***** Information supplied

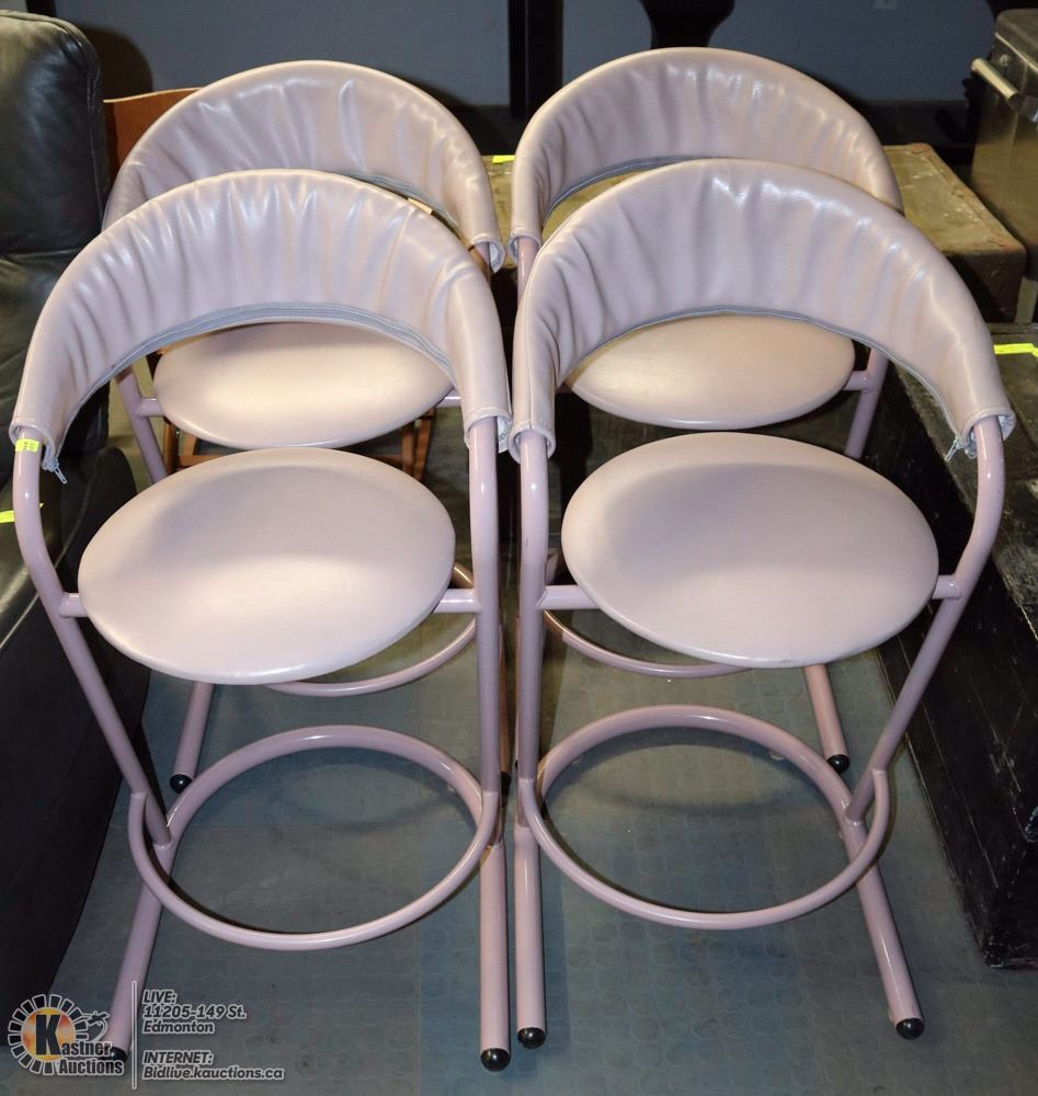 GROUP OF 4 DUSTY ROSE LEATHERETTE STOOLS
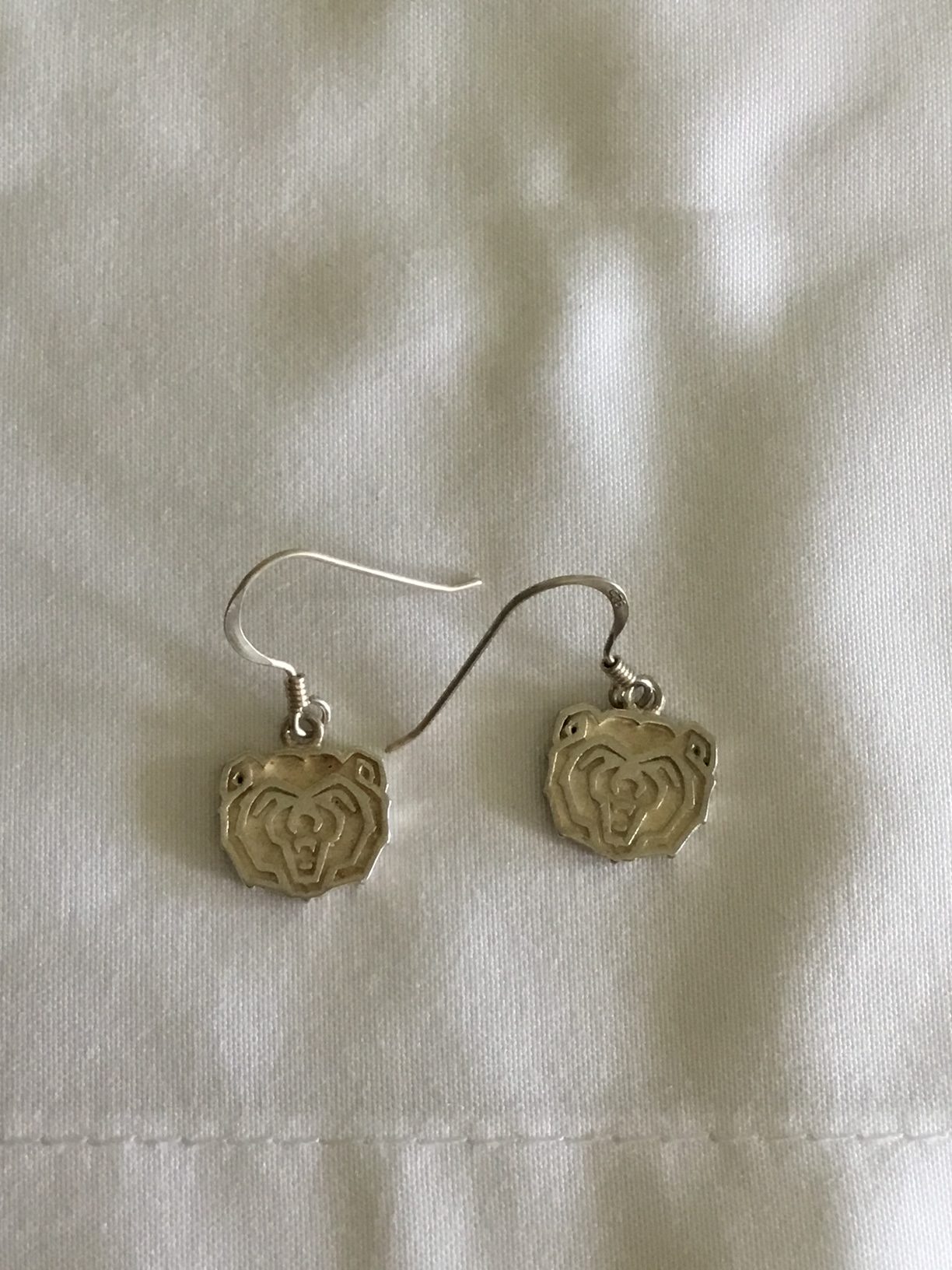 Sterling Silver Tiger/Bear Face Dangly Pierced Earrings
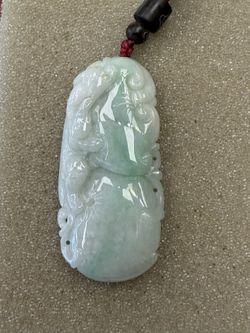 Lucky Feng Shui Jade Pendant With Three Pixie Figure Play On Eggplant n531$388Trenton, NJ
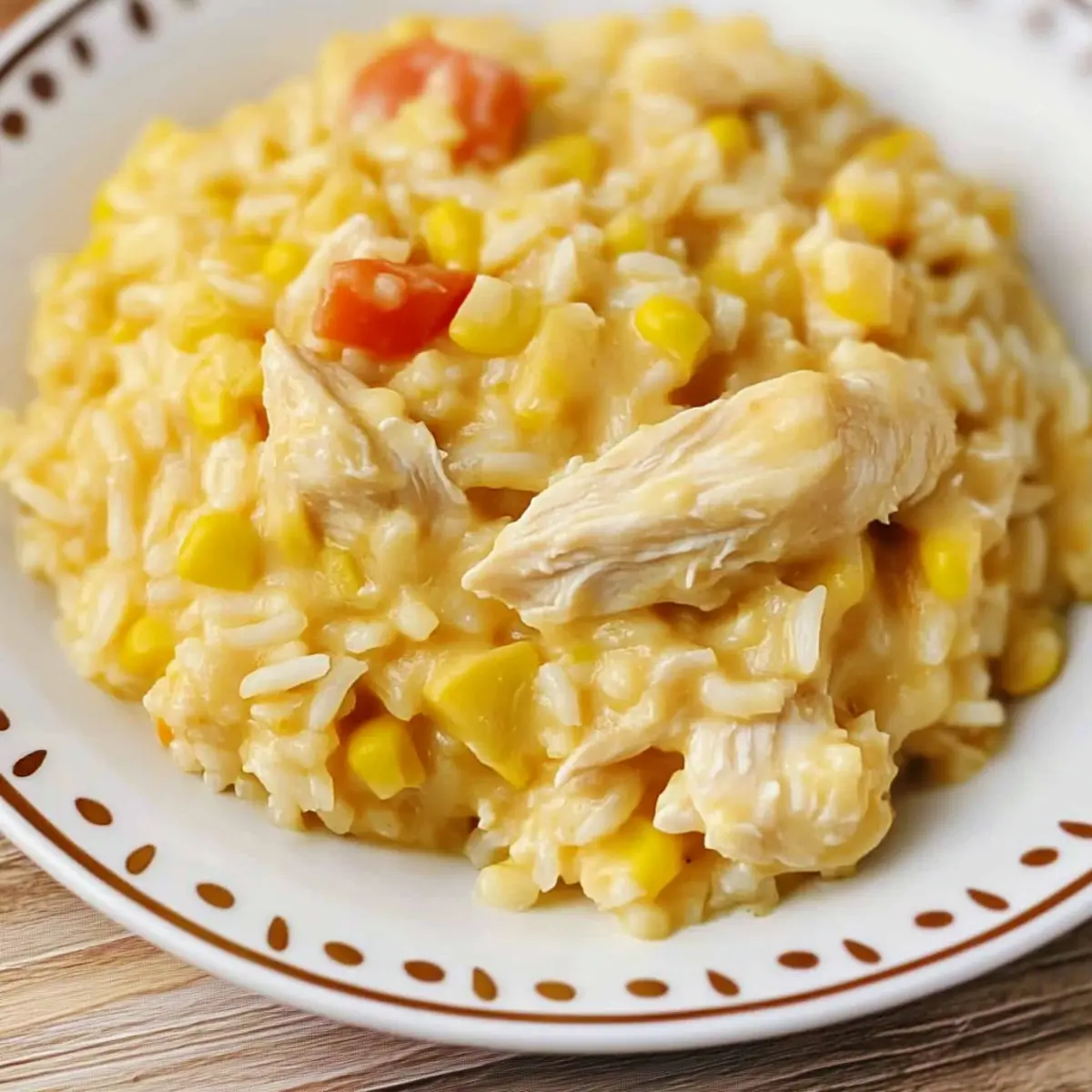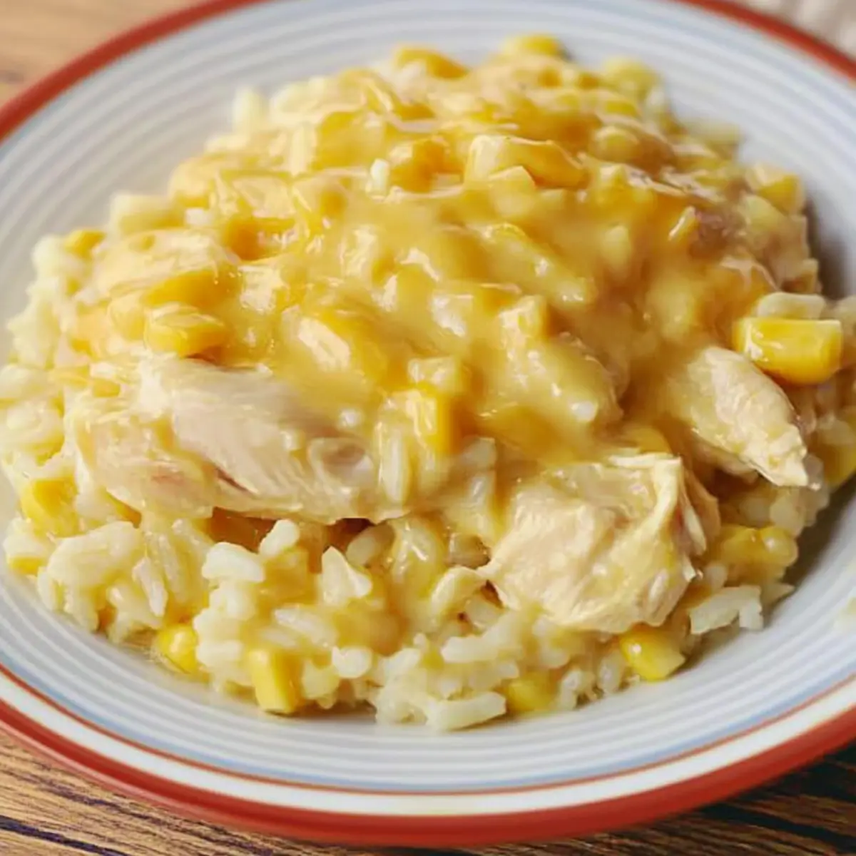 Nothing beats the convenience of a meal that practically cooks itself while you go about your day—unless it’s one that’s also melted cheese-infused and utterly comforting! My Slow Cooker Cheesy Chicken and Rice combines tender chicken, fluffy rice, and sweet corn all wrapped up in a creamy sauce, creating a one-pot wonder that welcomes you home after a long day. It’s culinary magic, especially for those busy weeknights when you crave something hearty yet hassle-free. With minimal prep, this dish allows you to savor that classic comfort without the guilt of fast food. Wondering how to make your kitchen smell divine while indulging in a simple, satisfying meal? Keep scrolling, and let’s dive into this cheesy goodness together! Why is Cheesy Chicken and Rice a Must-Try? Convenience at its Finest: This Slow Cooker Cheesy Chicken and Rice allows you to set it and forget it. Just toss in the ingredients, and let the slow cooker do the heavy lifting while you tackle your day. Irresistible Creaminess: The combination of creamy chicken soup and melted cheese creates a rich, indulgent texture that will have everyone coming back for seconds. Versatile and Customizable: Feel free to swap the chicken for thighs for extra moisture, or add frozen mixed vegetables for a pop of color and nutrients. Perfect for Family Gatherings: This dish is sure to please both kids and adults alike, making it a go-to for potlucks or family dinners. Easy Leftovers: Not only can you enjoy this dish fresh, but it also stores beautifully for up to three days. Perfect for a busy week ahead! For another comforting dish, check out my Cheesy Hamburger Rice. It’s a great way to satisfy those cravings! Ingredients for Slow Cooker Cheesy Chicken and Rice For the Chicken • 1 pound boneless, skinless chicken breasts – This is your main protein; using thighs enhances flavor and moisture. • 1 large onion, chopped – Adds aromatic sweetness; swap with shallots for a milder note. For the Creamy Sauce • 1 10.5 ounce can cream of chicken soup – Serves as a creamy base; consider a homemade version for a lighter meal. For the Rice • 1 8 ounce box Zatarain’s Yellow Rice Mix – Provides base texture and flavor; plain rice can be used; just adjust seasonings. For the Cheesy Goodness • 1 cup shredded cheddar cheese – Delivers rich, cheesy flavor; swap for Monterey Jack or Colby for a twist. For Added Sweetness and Texture • 1 15 ounce can whole kernel corn, drained – Incorporates sweetness; frozen corn can be a great substitute. This delightful group of ingredients comes together to create the comforting essence of Slow Cooker Cheesy Chicken and Rice. Enjoy the ease and satisfaction this dish brings to your table! Step‑by‑Step Instructions for Slow Cooker Cheesy Chicken and Rice Step 1: Prepare the Chicken and Onions Begin by placing 1 pound of boneless, skinless chicken breasts at the bottom of your slow cooker. Top the chicken with the chopped large onion, allowing its sweet aroma to meld with the meat. Next, pour in the 10.5-ounce can of cream of chicken soup, ensuring the chicken is well-coated. Secure the lid and set your slow cooker to low for 7 hours or high for 3 hours. Step 2: Cook the Rice Approximately 30 minutes before your Slow Cooker Cheesy Chicken and Rice is done, cook the 8-ounce box of Zatarain’s Yellow Rice Mix according to the package instructions. Bring water to a simmer, add the rice, and cover it until tender. This timing ensures the rice is freshly cooked and fluffy, ready to absorb all the cheesy goodness from the slow cooker. Step 3: Shred the Chicken When your slow cooker has finished cooking, carefully remove the chicken using tongs. Place it on a cutting board and shred it with two forks, creating bite-sized pieces. Return the shredded chicken to the slow cooker, mixing it well with the creamy sauce to ensure every morsel is coated with flavor. Step 4: Mix in Cheese and Corn Now, stir in 1 cup of shredded cheddar cheese and the drained 15-ounce can of whole kernel corn into the slow cooker. The mixture should start to come together beautifully, infused with the cheese’s rich flavor and the corn’s sweetness. Replace the lid and let it cook on low for an additional 10-15 minutes, allowing the cheese to melt thoroughly. Step 5: Serve Your Comfort Dish Once the cheese has melted into a creamy delight, it’s time to serve your Slow Cooker Cheesy Chicken and Rice. Ladle generous portions onto plates, savoring the combination of tender chicken, fluffy rice, and a luscious cheesy sauce. This dish is perfect for cozy evenings, and you can pair it with your favorite biscuits to soak up the creamy goodness. How to Store and Freeze Slow Cooker Cheesy Chicken and Rice Fridge: Store leftovers in an airtight container for up to 3 days. This keeps your Slow Cooker Cheesy Chicken and Rice fresh and ready for quick meals. Freezer: Portion out the dish into freezer-safe containers for up to 3 months. Make sure to label them and use airtight wraps to prevent freezer burn. Reheating: Thaw overnight in the fridge, then reheat in the microwave or on the stovetop. Add a splash of chicken broth if needed to restore creaminess while reheating. Make-Ahead Tip: Prep all ingredients the night before, then simply assemble and cook the next day for a hassle-free dinner! Tips for the Best Slow Cooker Cheesy Chicken and Rice Mind the Chicken: Ensure your chicken reaches an internal temperature of 165°F to maintain safety. This ensures it’s fully cooked and tender. Avoid Mushy Rice: Cook the rice according to package instructions and time it well; it’ll maintain a perfect fluffy texture when mixed in. Choose the Right Cheese: Use freshly shredded cheese instead of pre-packaged for better melting and flavor. Try Monterey Jack for a twist! Flavor Boost: Add herbs like garlic powder or paprika to elevate flavors. A pinch of salt can balance the dish with other ingredients. Healthy Choices: Opt for low
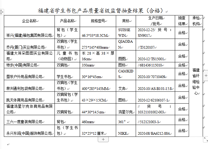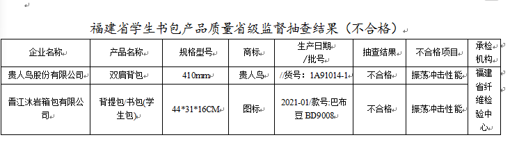 近期,依据《中华人民共和国产品质量法》,福建省市场监督管理局组织对学生书包、学生文具开展产品质量省级监督抽查,共抽查学生书包12家生产企业12批次产品,不合格2批次,不合格发现率为16.67%;抽查学生文具15家企业15批次产品,不合格1批次,不合格发现率为6.67%。
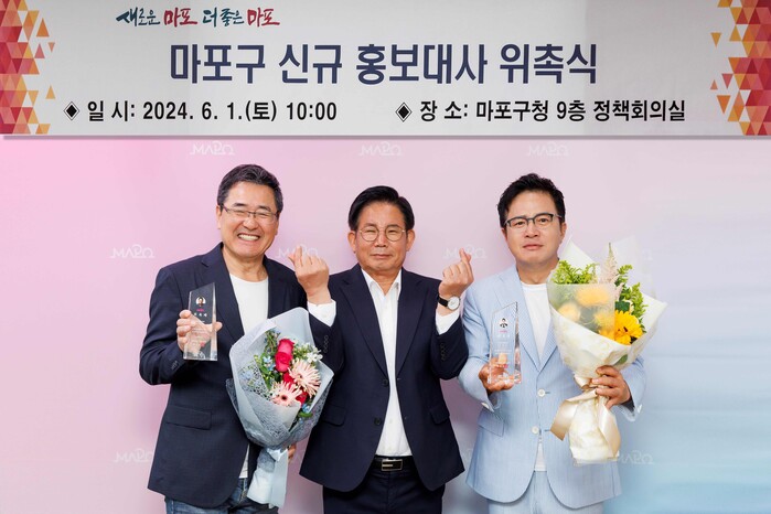 [시민일보 = 변은선 기자] 서울 마포구(구청장 박강수)가 최근 가수 권인하와 MC 조영구를 마포의 얼굴인 ‘마포구 홍보대사’로 새로 위촉했다.
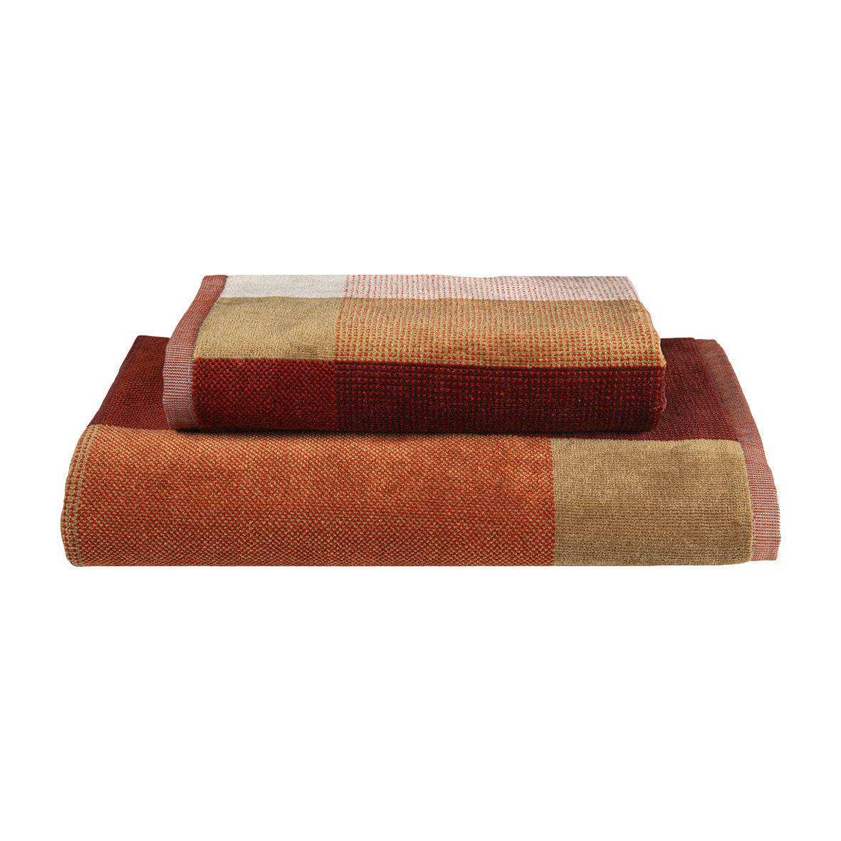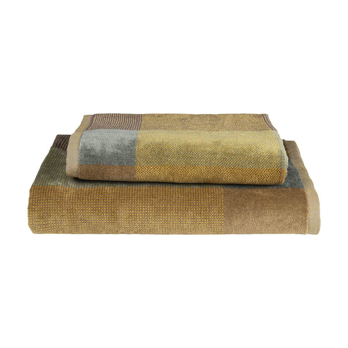 Set spugna 1+1 viso+ospite in spugna di cotone con esterno in morbido velour in fantasia geometrica con eleganti sfumature di colore

**********

» Exercise objective
Could you print all of the entries above exactly as written, minus the pictures?

» Result of the exercise
 GROUP OF 4 DUSTY ROSE LEATHERETTE STOOLS
 Sterling Silver Tiger/Bear Face Dangly Pierced Earrings
 Lucky Feng Shui Jade Pendant With Three Pixie Figure Play On Eggplant n531$388Trenton, NJ
 Nothing beats the convenience of a meal that practically cooks itself while you go about your day—unless it’s one that’s also melted cheese-infused and utterly comforting! My Slow Cooker Cheesy Chicken and Rice combines tender chicken, fluffy rice, and sweet corn all wrapped up in a creamy sauce, creating a one-pot wonder that welcomes you home after a long day. It’s culinary magic, especially for those busy weeknights when you crave something hearty yet hassle-free. With minimal prep, this dish allows you to savor that classic comfort without the guilt of fast food. Wondering how to make your kitchen smell divine while indulging in a simple, satisfying meal? Keep scrolling, and let’s dive into this cheesy goodness together! Why is Cheesy Chicken and Rice a Must-Try? Convenience at its Finest: This Slow Cooker Cheesy Chicken and Rice allows you to set it and forget it. Just toss in the ingredients, and let the slow cooker do the heavy lifting while you tackle your day. Irresistible Creaminess: The combination of creamy chicken soup and melted cheese creates a rich, indulgent texture that will have everyone coming back for seconds. Versatile and Customizable: Feel free to swap the chicken for thighs for extra moisture, or add frozen mixed vegetables for a pop of color and nutrients. Perfect for Family Gatherings: This dish is sure to please both kids and adults alike, making it a go-to for potlucks or family dinners. Easy Leftovers: Not only can you enjoy this dish fresh, but it also stores beautifully for up to three days. Perfect for a busy week ahead! For another comforting dish, check out my Cheesy Hamburger Rice. It’s a great way to satisfy those cravings! Ingredients for Slow Cooker Cheesy Chicken and Rice For the Chicken • 1 pound boneless, skinless chicken breasts – This is your main protein; using thighs enhances flavor and moisture. • 1 large onion, chopped – Adds aromatic sweetness; swap with shallots for a milder note. For the Creamy Sauce • 1 10.5 ounce can cream of chicken soup – Serves as a creamy base; consider a homemade version for a lighter meal. For the Rice • 1 8 ounce box Zatarain’s Yellow Rice Mix – Provides base texture and flavor; plain rice can be used; just adjust seasonings. For the Cheesy Goodness • 1 cup shredded cheddar cheese – Delivers rich, cheesy flavor; swap for Monterey Jack or Colby for a twist. For Added Sweetness and Texture • 1 15 ounce can whole kernel corn, drained – Incorporates sweetness; frozen corn can be a great substitute. This delightful group of ingredients comes together to create the comforting essence of Slow Cooker Cheesy Chicken and Rice. Enjoy the ease and satisfaction this dish brings to your table! Step‑by‑Step Instructions for Slow Cooker Cheesy Chicken and Rice Step 1: Prepare the Chicken and Onions Begin by placing 1 pound of boneless, skinless chicken breasts at the bottom of your slow cooker. Top the chicken with the chopped large onion, allowing its sweet aroma to meld with the meat. Next, pour in the 10.5-ounce can of cream of chicken soup, ensuring the chicken is well-coated. Secure the lid and set your slow cooker to low for 7 hours or high for 3 hours. Step 2: Cook the Rice Approximately 30 minutes before your Slow Cooker Cheesy Chicken and Rice is done, cook the 8-ounce box of Zatarain’s Yellow Rice Mix according to the package instructions. Bring water to a simmer, add the rice, and cover it until tender. This timing ensures the rice is freshly cooked and fluffy, ready to absorb all the cheesy goodness from the slow cooker. Step 3: Shred the Chicken When your slow cooker has finished cooking, carefully remove the chicken using tongs. Place it on a cutting board and shred it with two forks, creating bite-sized pieces. Return the shredded chicken to the slow cooker, mixing it well with the creamy sauce to ensure every morsel is coated with flavor. Step 4: Mix in Cheese and Corn Now, stir in 1 cup of shredded cheddar cheese and the drained 15-ounce can of whole kernel corn into the slow cooker. The mixture should start to come together beautifully, infused with the cheese’s rich flavor and the corn’s sweetness. Replace the lid and let it cook on low for an additional 10-15 minutes, allowing the cheese to melt thoroughly. Step 5: Serve Your Comfort Dish Once the cheese has melted into a creamy delight, it’s time to serve your Slow Cooker Cheesy Chicken and Rice. Ladle generous portions onto plates, savoring the combination of tender chicken, fluffy rice, and a luscious cheesy sauce. This dish is perfect for cozy evenings, and you can pair it with your favorite biscuits to soak up the creamy goodness. How to Store and Freeze Slow Cooker Cheesy Chicken and Rice Fridge: Store leftovers in an airtight container for up to 3 days. This keeps your Slow Cooker Cheesy Chicken and Rice fresh and ready for quick meals. Freezer: Portion out the dish into freezer-safe containers for up to 3 months. Make sure to label them and use airtight wraps to prevent freezer burn. Reheating: Thaw overnight in the fridge, then reheat in the microwave or on the stovetop. Add a splash of chicken broth if needed to restore creaminess while reheating. Make-Ahead Tip: Prep all ingredients the night before, then simply assemble and cook the next day for a hassle-free dinner! Tips for the Best Slow Cooker Cheesy Chicken and Rice Mind the Chicken: Ensure your chicken reaches an internal temperature of 165°F to maintain safety. This ensures it’s fully cooked and tender. Avoid Mushy Rice: Cook the rice according to package instructions and time it well; it’ll maintain a perfect fluffy texture when mixed in. Choose the Right Cheese: Use freshly shredded cheese instead of pre-packaged for better melting and flavor. Try Monterey Jack for a twist! Flavor Boost: Add herbs like garlic powder or paprika to elevate flavors. A pinch of salt can balance the dish with other ingredients. Healthy Choices: Opt for low
 近期,依据《中华人民共和国产品质量法》,福建省市场监督管理局组织对学生书包、学生文具开展产品质量省级监督抽查,共抽查学生书包12家生产企业12批次产品,不合格2批次,不合格发现率为16.67%;抽查学生文具15家企业15批次产品,不合格1批次,不合格发现率为6.67%。
 [시민일보 = 변은선 기자] 서울 마포구(구청장 박강수)가 최근 가수 권인하와 MC 조영구를 마포의 얼굴인 ‘마포구 홍보대사’로 새로 위촉했다.
 Set spugna 1+1 viso+ospite in spugna di cotone con esterno in morbido velour in fantasia geometrica con eleganti sfumature di colore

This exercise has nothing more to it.